In the history of Telecom, a merger agreement between VimpleCom of Russia and Weather Investments was signed today as per a joint statement issued by both the groups, resulting into world’s fifth largest mobile telecommunications carrier by subscribers with pro forma net operating revenues of US$ 21.5 billion and pro forma EBITDA of US$ 9.5 billion for the year ended 31 December, 2009.
At the closing of the Transaction, VimpelCom will own, through Weather, 51.7% of Orascom Telecom and 100% of Wind Telecomunicazioni Italy.
Under the terms of the Transaction, Weather shareholders will contribute to VimpelCom their shares in Weather in exchange for a consideration consisting of 325,639,827 newly issued VimpelCom common shares, US$1.8 billion in cash and certain assets that will be demerged from Orascom Telecom and from Wind Italy.
The Weather interests in these assets, which principally comprise Orascom Telecom’s investments in Egypt and North Korea, will be transferred to the current Weather shareholders. Wind Hellas Telecommunications S.A. in Greece is entirely excluded from the Transaction.
The VimpelCom shares issued to Weather shareholders at the closing of the Transaction will represent a 20.0% economic interest and a 18.5% voting interest in the enlarged VimpelCom group.
Upon issuance of the new VimpelCom shares, Telenor ASA, holding through its subsidiaries Telenor Mobile Communications AS and Telenor East Invest AS (“Telenor”), and Altimo Holdings & Investments Limited, holding through its subsidiary Altimo Cooperatief U.A. (“Altimo”), will hold 31.7% and 31.4% of the economic rights and 29.3% and 36.4% of the voting rights, respectively, of VimpelCom.
Minority shareholders in VimpelCom will represent 17.0% of the economic rights and 15.7% of the voting rights.
It is intended that Weather will designate two members to an enlarged VimpelCom board of eleven members, while Telenor and Altimo will each continue to designate three board members.

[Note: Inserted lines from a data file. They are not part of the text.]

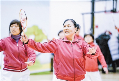 1月20日,2024年“迎新年 贺新春”漯河市老年人体育健身系列活动在市体育中心开幕。图为太极柔力球表演。本报记者 杨 光 摄
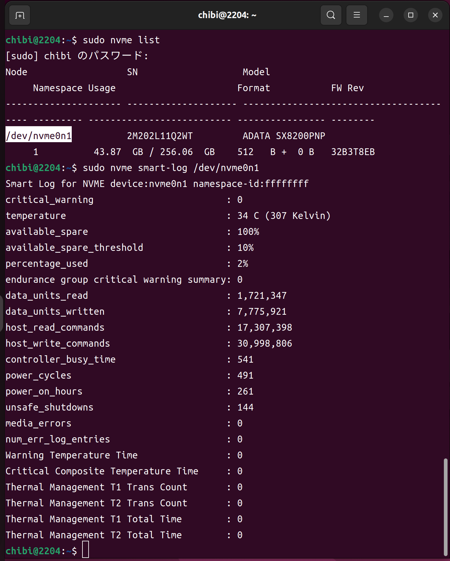 - 第2世代 AMD EPYC 7742 64-Core Processor 128Threads 256GB RTX2080Ti ADATA SX8200PNP 256GBで構成された Ubuntu 22.04.5 LTS へ CUDA-toolkit 12.6.3をInstall してnvidia-smi nvcc -V cat /etc/os-release sensors nvme list nvme smart-log /dev/nvme0n1 lsmem lscpuを設定してみた
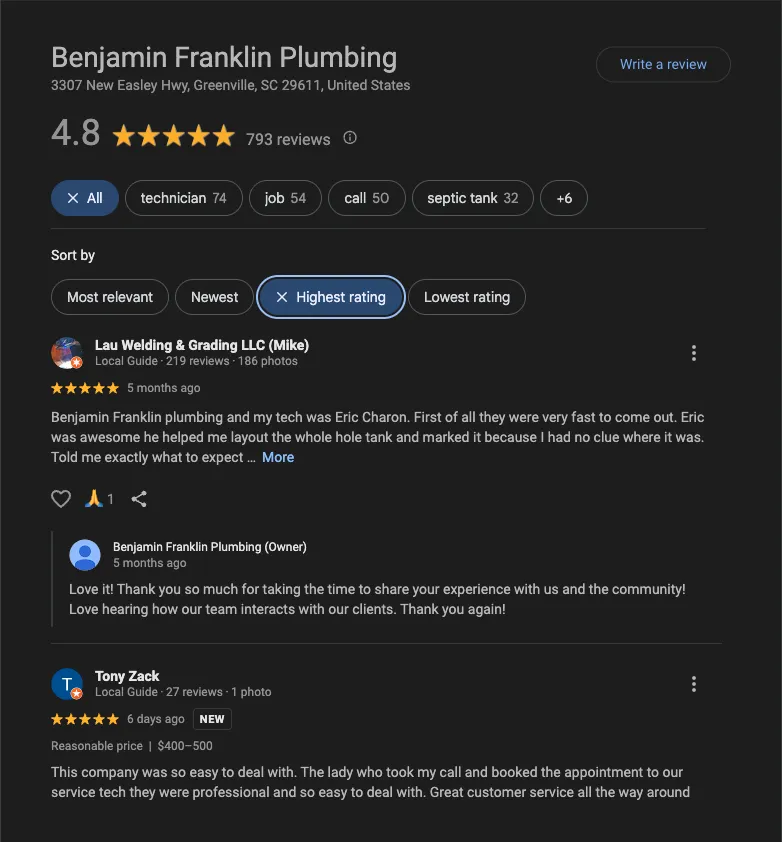 All Rights Reserved. 2025. Benjamin Franklin Plumbing Greenville

Three board members will continue to be unaffiliated with any major shareholder.
The terms of the signed agreement were unanimously approved on 3 October 2010 by both the VimpelCom Supervisory Board and the Weather Board of Directors.
Under the share sale and exchange agreement, final board and shareholder approvals for the Transaction are required to be obtained from both companies. It is expected that the VimpelCom EGM will occur before the year end with receipt of regulatory approvals and completion of the Transaction expected in Q1 2011. The demergers should be completed by Q3 2011.

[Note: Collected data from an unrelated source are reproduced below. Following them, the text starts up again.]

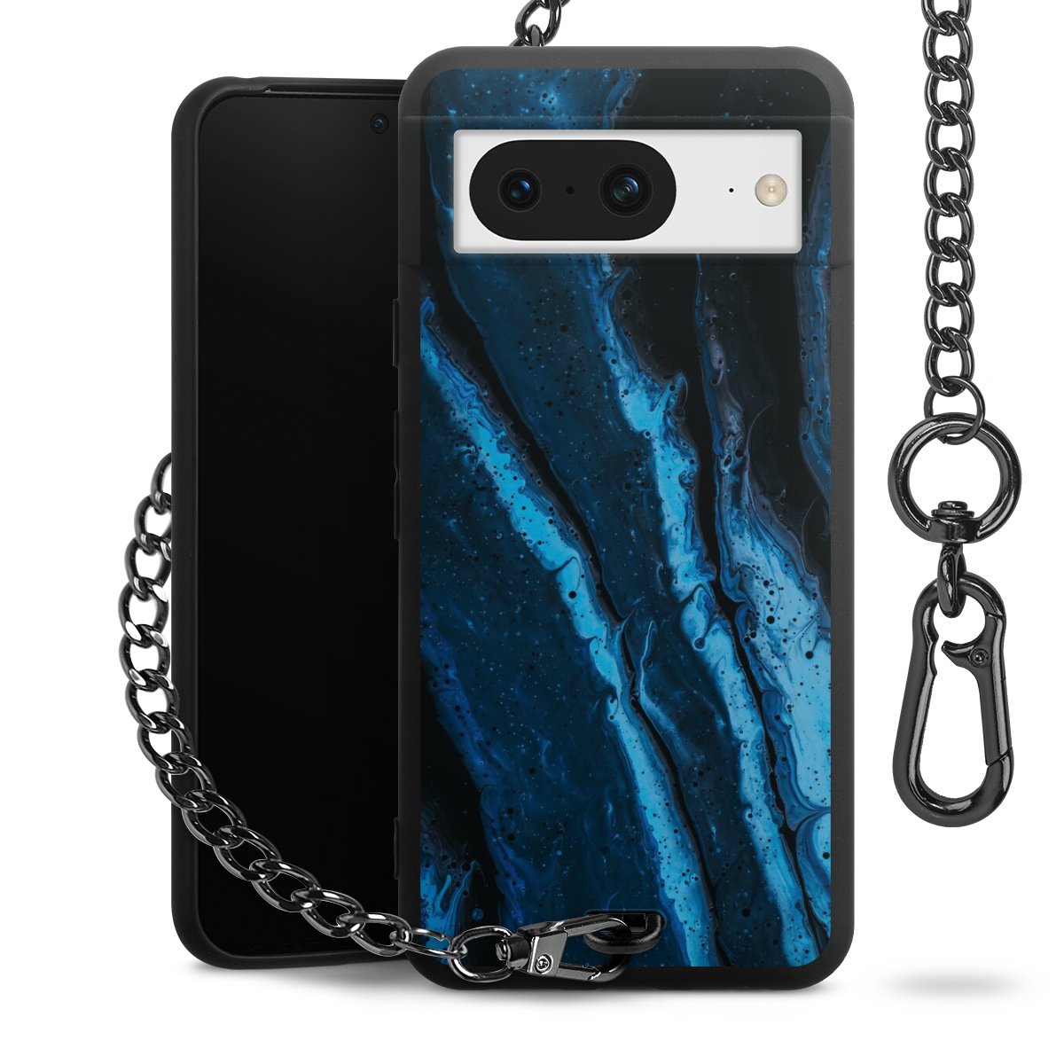- Mattschwarze Handyhülle mit Metallkette
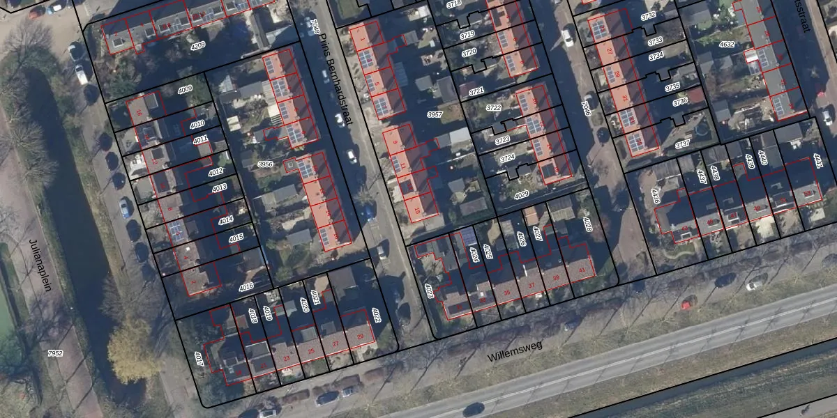 Het perceel waarop Prins Bernhardstraat 15 staat heeft een oppervlakte van 1269 m². Dit is een zeer groot perceel. De perceeloppervlakte wordt geregistreerd door het Kadaster. Gedetailleerde informatie over de maten van dit perceel kunt u vinden in het rapport Kadastrale kaart met maatvoering van Prins Bernhardstraat 15.
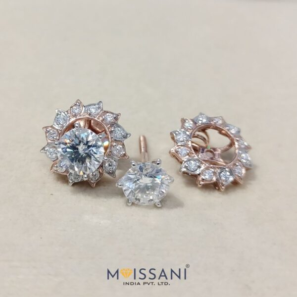 1.45ct + 1.45ct Round Shape Moissanite Detachable Earring with Gross Weight 4.914 grams Yellow Gold, D Color, VVS1 Clarity, Certified Moissanite Earring for Everyday Wear / Wedding Gift Earring / Party Wear / Anniversary Gift / Beautiful Earring For Special Occasion / Fashionable earrings.
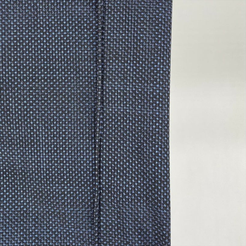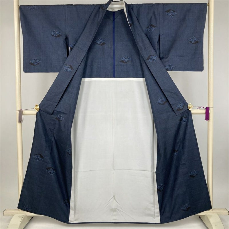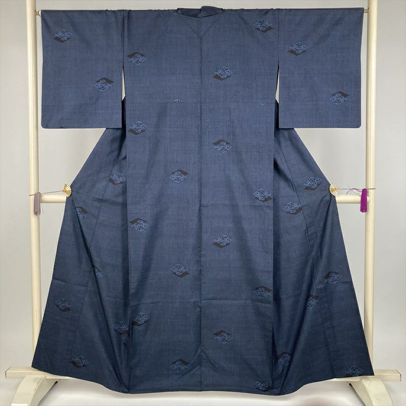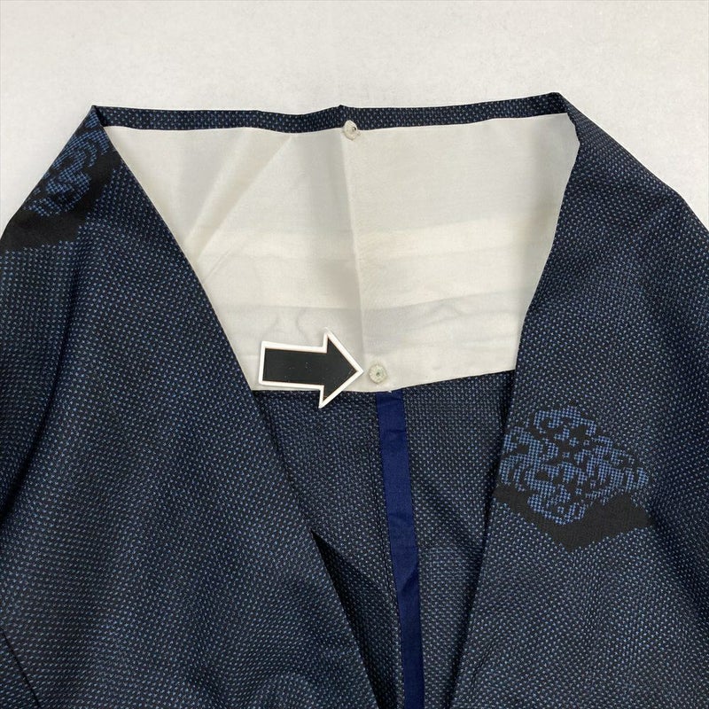(中古) 大島紬 黒 藍 カジュアル 菱に波頭 単衣 絹【身丈】154cm【裄丈】66cm
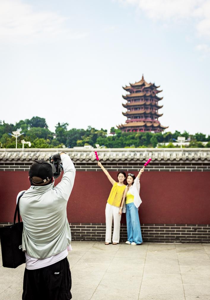 黄鹤楼的强劲吸引力,还在不断外溢。在武汉,得益于严格实施的视线廊道与景观保护规划,黄鹤楼周边40年未建高楼,确保了长江两岸、蛇山周边各个方向都可观览名楼。这种“四面可赏”的景观格局催生众多网红打卡机位,释放出强劲的“同框效应”,拉高了青龙巷、斗级营、昙华林等多处文旅街巷的人气流量和经营收益。

VimpelCom’s revenue base will be significantly diversified. Based on 2009 pro forma revenues, the existing operations in Russia will represent 35% and Wind Italy will represent 34% of the combined company. The group will also have an attractive mix of developed and emerging market assets in Eastern Europe, Asia and Africa. The combined group will have a balanced business risk profile enhancing its ability to pursue profitable growth, including in mobile data services.

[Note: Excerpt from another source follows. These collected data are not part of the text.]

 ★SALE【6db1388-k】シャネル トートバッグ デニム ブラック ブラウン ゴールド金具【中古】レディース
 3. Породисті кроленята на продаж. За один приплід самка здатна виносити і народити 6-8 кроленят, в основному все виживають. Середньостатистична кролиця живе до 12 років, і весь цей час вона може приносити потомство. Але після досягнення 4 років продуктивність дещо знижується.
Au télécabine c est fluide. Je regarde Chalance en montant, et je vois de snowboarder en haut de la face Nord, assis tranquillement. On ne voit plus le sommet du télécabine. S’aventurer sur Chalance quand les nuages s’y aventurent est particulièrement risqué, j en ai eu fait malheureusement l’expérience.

The cash consideration of US$1.8 billion will be financed from existing cash balances and new debt facilities.
In addition, the Transaction will trigger certain change of control provisions of existing debt in the Weather group which might require the refinancing of some of these debt instruments. VimpelCom and Weather expect to launch the required financing process including solicitation of consents where appropriate in October/November. The companies have received highly confident letters from financing banks for the planned refinancing.
Total incremental debt to be raised after taking account of waivers of existing debt is expected to be in the range of approximately US$2.0 to 2.5 billion. This will bring post transaction net debt up to US$24 billion.
The financing is expected to continue to utilize ring fenced financing structures at the Wind Italy and Orascom Telecom level, with part of Orascom Telecom’s debt at the holding company level being refinanced via an inter-company loan from VimpelCom.
All of Orascom Telecom’s subsidiary debt is expected to remain in place. Part of the refinancing requirements might also be met from disposal of non-core assets.
VimpelCom’s financial position will remain strong following closing of the Transaction. VimpelCom’s pro forma net debt to LTM EBITDA ratio as at 30 June, 2010 is up to 2.5 times post transaction and is anticipated to decrease rapidly over the following years.